The result for the 2013 paper comes from a calculation similar to the authors in footnote 31, but restricting to 2000 and 2007 and replacing the coefficient in the equation with the sum of the coefficients in Table 5, Panel B, columns 1 and 2. The result for the 2016 paper comes from subtracting the 1991-99 employment loss estimate from the 1991-2007 estimate (-3,031-(-743)).
[xx] The issue of exports is one reason that even ADH’s worker-level evidence of the China Shock’s effects is flawed. Autor, Dorn, Hanson, and Song (2014) found that people in industries exposed to greater Chinese import competition subsequently saw worse employment outcomes than their counterparts in less-exposed industries. But their study did not look at the impact of exports. Nor did it distinguish between imported inputs and imports of final goods. Pierce, Schott, and Tello-Trillo (2024) made the latter distinction in a recent paper that otherwise used similar methods to Autor, Dorn, Hanson, and Song (2014). They found that the China Shock reduced manufacturing employment in more-exposed industries relative to less-exposed industries. But what initially looked like a negative effect on total employment (including jobs outside manufacturing) became positive once the role of inputs was distinguished.

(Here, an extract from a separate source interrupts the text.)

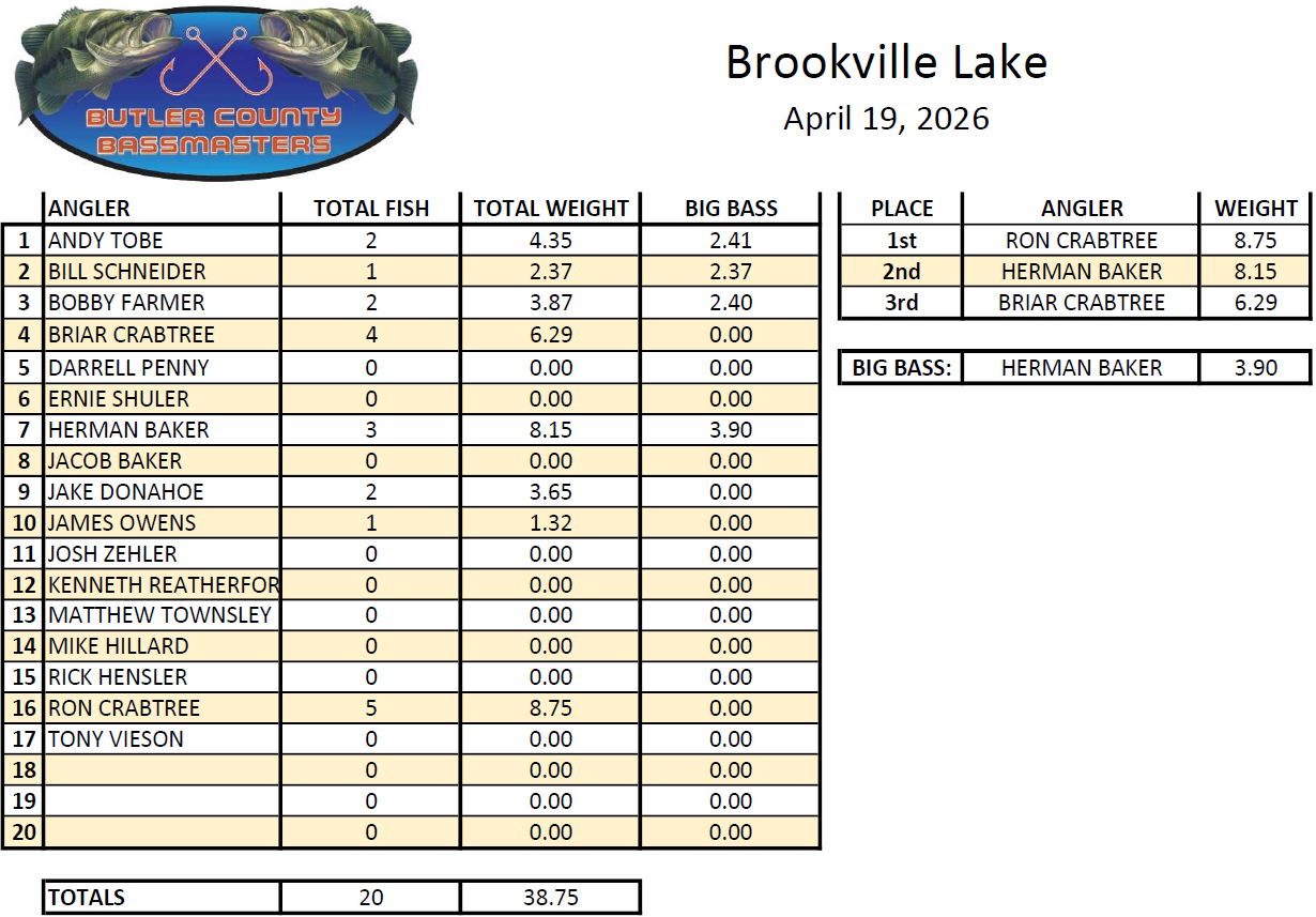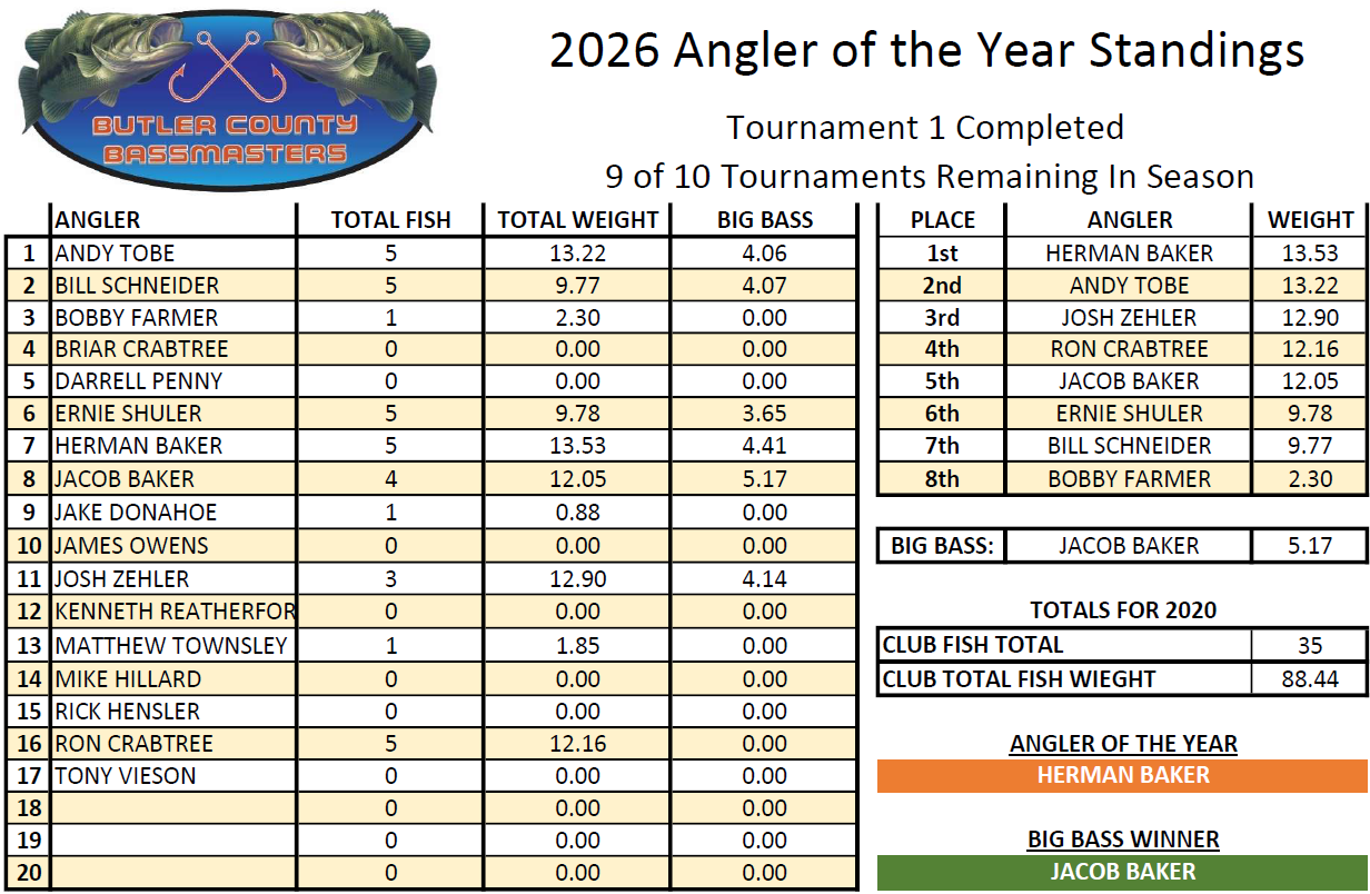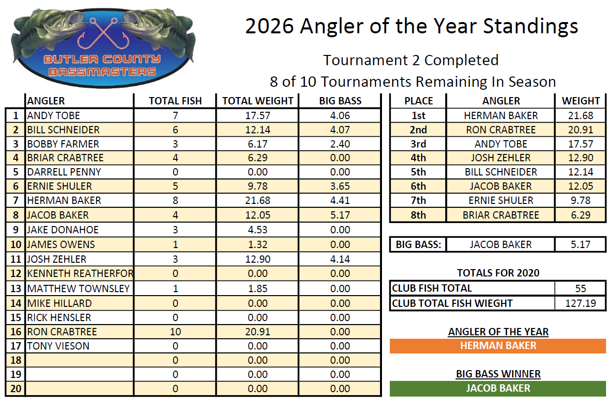 Angler of the Year - Herman Baker Big Bass (4.80 lbs) - Bobby Farmer BCB Fish Off Winner - Andy Tobe2026 Tournament Schedule

[xxi] Compare the results in columns 2, 3, 6, and 7 of Table 3 to the first row in Acemoglu et al.’s Table 8. See also the Feenstra, Ma, and Xu results for 1999-2007 in Table 4.
[xxii] These are my analyses of the Current Population Survey Annual Social and Economic Supplement, using the IPUMS Online Data Analysis System at https://sda.cps.ipums.org/sdaweb/analysis/?dataset=all_march_samples. I restrict to people ages 16 to 64.
[xxiii] Caliendo, Dvorkin, and Parro (2019), for instance, found that the China Shock reduced manufacturing employment but increased overall employment. Lyon and Waugh (2019) found it increased total employment.